Financial sector policies should aim at restoring healthy credit growth and bolstering banks’ defenses. High non-performing loan ratios and scarce funding from foreign parents weigh on a revival of credit growth. This in turn holds back domestic demand and complicates creating new jobs in the tradable goods sector to replace those lost in nontradable sector. A second wave of bank consolidation and the prospective introduction of Basel III offer opportunities to strengthen the sector.

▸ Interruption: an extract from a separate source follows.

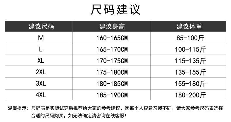 China (cm) 165 / 88-90 170 / 96-98 175 / 108-110 180 / 118-122 185 / 126-130

Financial Integration, Growth, and Imbalances
In a chapter dedicated to financial integration, the REO argues that what made the crisis in Europe so protracted was the incomplete integration of the financial system and the absence of a centralized mechanism to deal with a crisis. The EU fostered financial integration by adopting a common currency in the euro area, but it did not put in place effective instruments to handle cross-border risks or mitigate the build-up of imbalances financed by cross-border financial flows. With banking problems addressed at the national rather than EU level, banking and sovereign problems in euro area periphery countries exacerbated each other.
Stepping back from financial integration would be wrong. Instead, integration should be completed and adequate supportive policies should be put in place. To prevent the next crisis, more vigilance is needed, both nationally and across borders, together with better pan-European institutions to deal with financial sector problems, and, correspondingly more, rather than less financial integration.
1 For the purposes of the REO emerging Europe comprises (i) central, eastern and southeastern Europe with the exception of the Czech Republic and countries that have adopted the euro, (ii) the European Commonwealth of Independent States and (iii) Turkey.